Don't get over here in archery much, but I don't see a notice.

Lake Oconee is closing, 12/20/09

They are closing out any inventory.


----------



## 3dHam (Nov 19, 2009)

*u mean closing   for  good?*

or do you mean closing out on bows. Or closing for xmas


----------



## dgmeadows (Nov 19, 2009)

*Shutting down...*

I received an e-mail notice last week that they are going out of business.... Here's the text of the message:

_Nov. 11, 2009 

It is regrettable that I am shutting down The Lake Oconee Shooting Club Inc.  The process of closing the business will last till Dec. 20, 2009.  After numerous attempts to keep the business open through selling the business to outside parties, I have come to the realization that I must close the business.   The economy both nationally and locally do not hold out much encouragement of a speedy recovery.

We will be open till Dec 20, 2009.  In the interim we have three scheduled events that will still be held at our facility and need your participation and they are below:

1.      Nov 14  Annual Elks Club Turkey Shoot

2.      Nov 17  Lake Oconee Ducks Unlimited Annual Banquet

3.      Dec 12 Annual Elks Club Turkey Shoot

In addition we will hold our Thursday Night Member Shoot/Social this Thursday Nov. 12th.

In the time remaining time we will continue to honor all current discount rates for all shooting.  All inventory and equipment must be sold and advertising will begin immediately.  First come first serve for great deals while inventory lasts.  Inventory of rental guns will go on sale immediately.

Brandi and I will be available for any questions.  We appreciate your support and friendship throughout our last several years. _​

What a bummer - they had one of the nicest facilities, both shotgun and archery, in the State.  The ASA State Championship was supposed to be there in 2010, too, so I guess that is now up in the air as well.
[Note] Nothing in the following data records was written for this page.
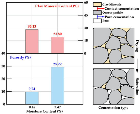 The microscopic tests indicated that water infiltration significantly influences the microstructural evolution of weakly cemented mudstone. Specifically, water infiltration primarily induces micropore development and dissolution of cementitious materials, changing the cementation type from original contact-based cementation (between quartz particles and clay minerals) to predominantly pore-based cementation between aggregates, with only limited contact cementation remaining, as shown in Figure 9. The shift in cementation type significantly affects the microstructure of weakly cemented mudstone, greatly weakening the cementing strength responsible for structural stability and reducing constraints on pore expansion and micro-fissure growth. Consequently, the mudstone’s mechanical strength and deformation resistance deteriorate noticeably. In the mechanical tests described in Section 2, samples with higher moisture content exhibit a pronounced decrease in bearing capacity and a marked increase in damage.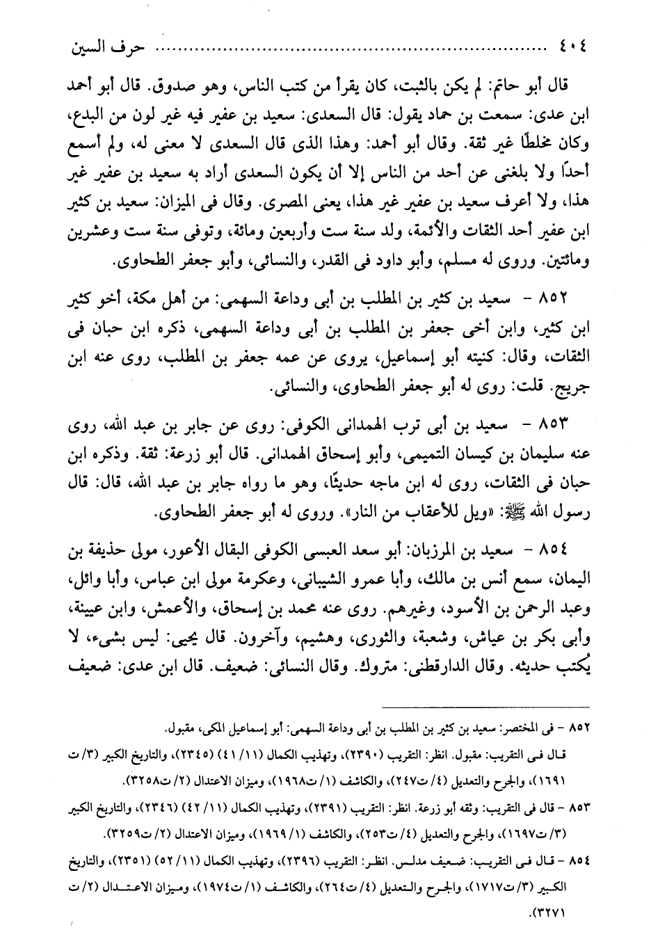 852 - فى المختصر: سعيد بن كثير بن المطلب بن أبى وداعة السهمى: أبو إسماعيل المكى، مقبول.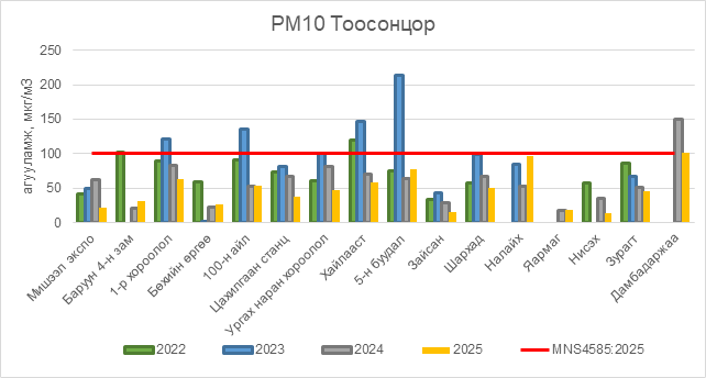РМ10 тоосонцор нь Дамбадаржаа орчим АЧС-аас 2 мкг/м3 –ээр их, бусад цэгүүдэд MNS 4585:2025 АЧС-аас даваагүй байна.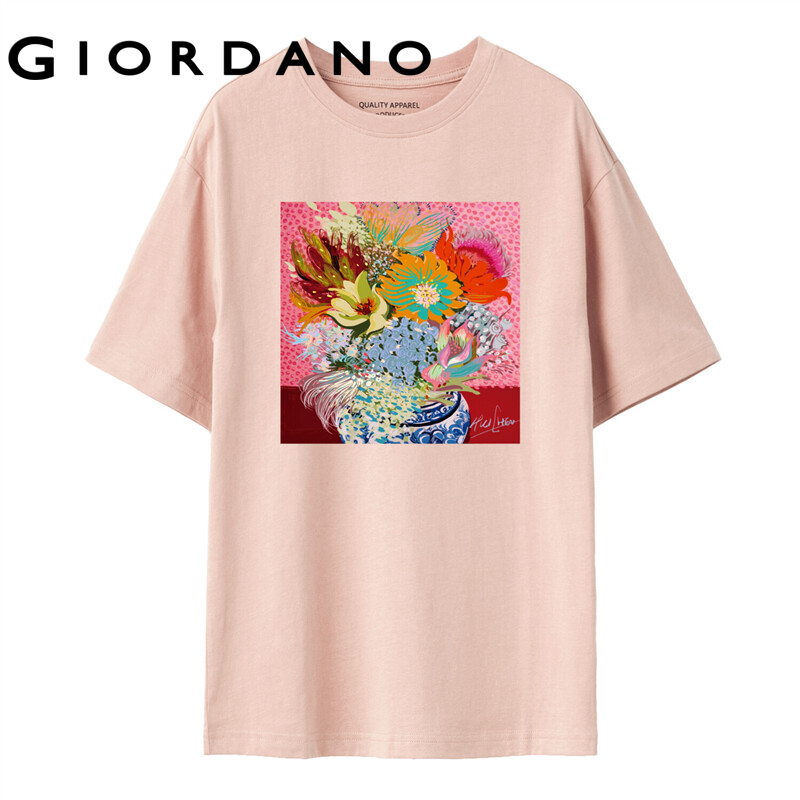 GIORDANO ChenHui Series Women T-Shirts 100% Cotton Printed Graphic T-Shirts Crewneck Simple Basic Summer Comfy T-Shirts 99391179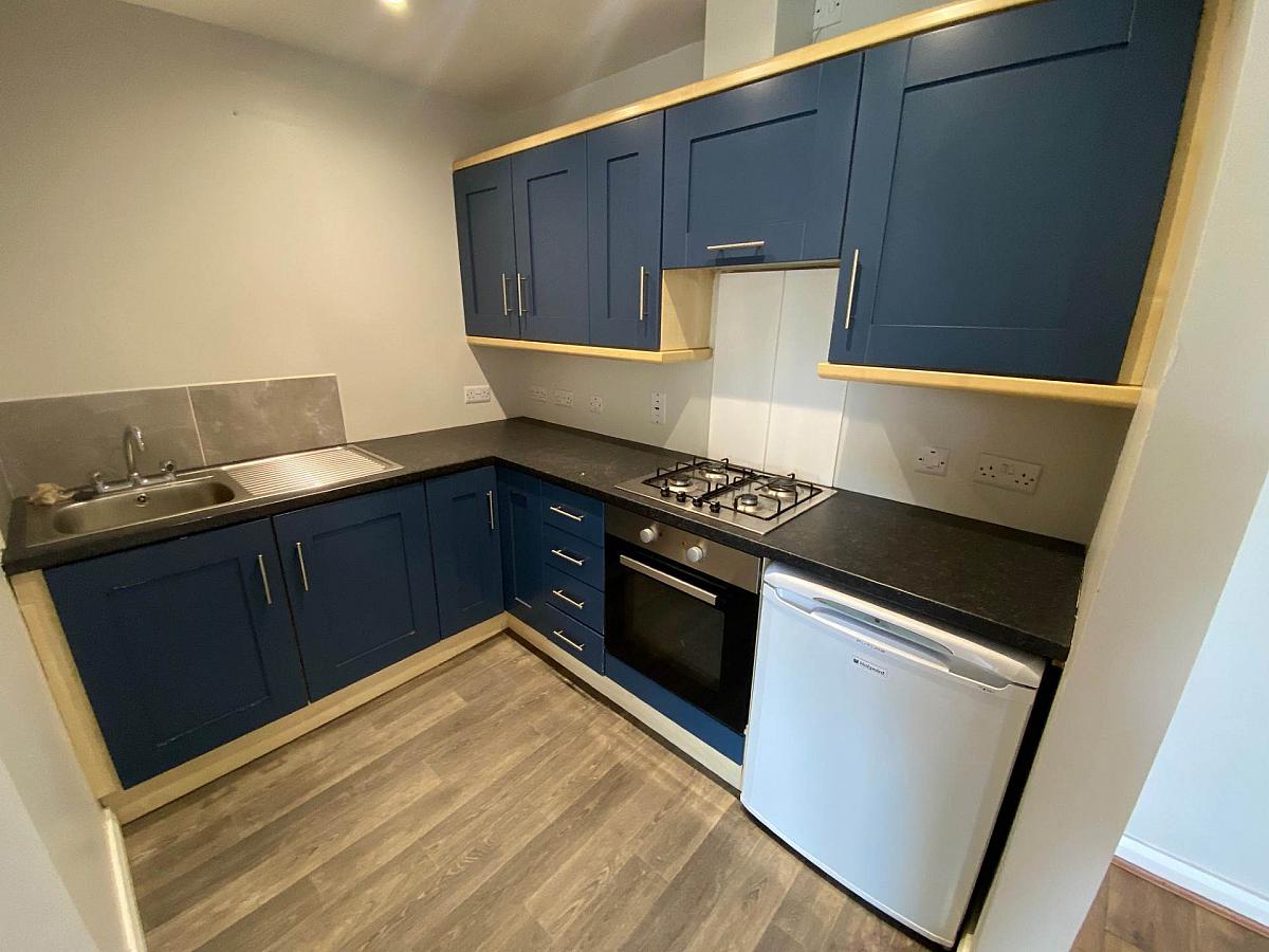 Navy Shaker Style fitted kitchen with new built in gas hob, oven and extractor fan and fridge freezer.

When the economy goes south, everyone cuts their spending on "rec" activities first I guess.


----------



## Steve Thompson (Nov 19, 2009)

It's terrible. They spent millions on that place.

If your looking for a place to shoot skeet & trap call Lake Oconee outfitters 706 923 0999 - They were booking a lot of groups with Oconee gun club, and have an alternative nearby, nice place.


----------



## j.irvin (Nov 19, 2009)

Wow, hate to hear that.  I've never been but I've heard it was an awesome place.


----------



## Donn (Nov 19, 2009)

Skeet, trap, Sporting Clays, and Five Stand are available @ Ocmulgee River Gun Club. It is 3-4 miles off I-75/475 at the Hartley Bridge Rd. exit.

We would be willing to talk to anyone willing to start an archery venue. 

Here is the link.  http://ocmulgeerivergunclub.us/


----------



## stumpjumper3d (Nov 19, 2009)

*archery range*

Do youhave any woods that are away from the gun ranges ? If you do what would be the estimate of how many acres.


----------



## BlackArcher (Nov 19, 2009)

*Wow Sad Day in archery*

I won my first archery tournament there....  Beautiful place I will always remember..


----------



## Offroad (Nov 19, 2009)

*Skeet*

You can also shoot skeet near Union Point @ Durhamtown.


----------



## oldgeez (Nov 19, 2009)

wow, sorry to hear that..oakwood outdoors was great, too, but alas the economy.  i was wondering if maybe you might post on the classified, if it's legal, some of the GOOD STUFF.  it's a long way for some of us guys, and we don't hardly have gas money, lol.


----------



## bonecollector123 (Dec 27, 2009)

*This Stinks*

I have only been to one shoot and it was here when the bonecollectors were there I met some great people Big John, Larry Rooks and Karen just to name a few aand the place was awsome.My wife and I came home and thought what a gold mine we were gonna try to open a smaller version down here and I still would love to do it anyway I hope everyone that worked there is doing ok and if yall need me for anything just let me know


----------



## rank bull (Dec 27, 2009)

i shot there two or three years ago at the asa state championship it was a great course with some great folks sorry it has to go


----------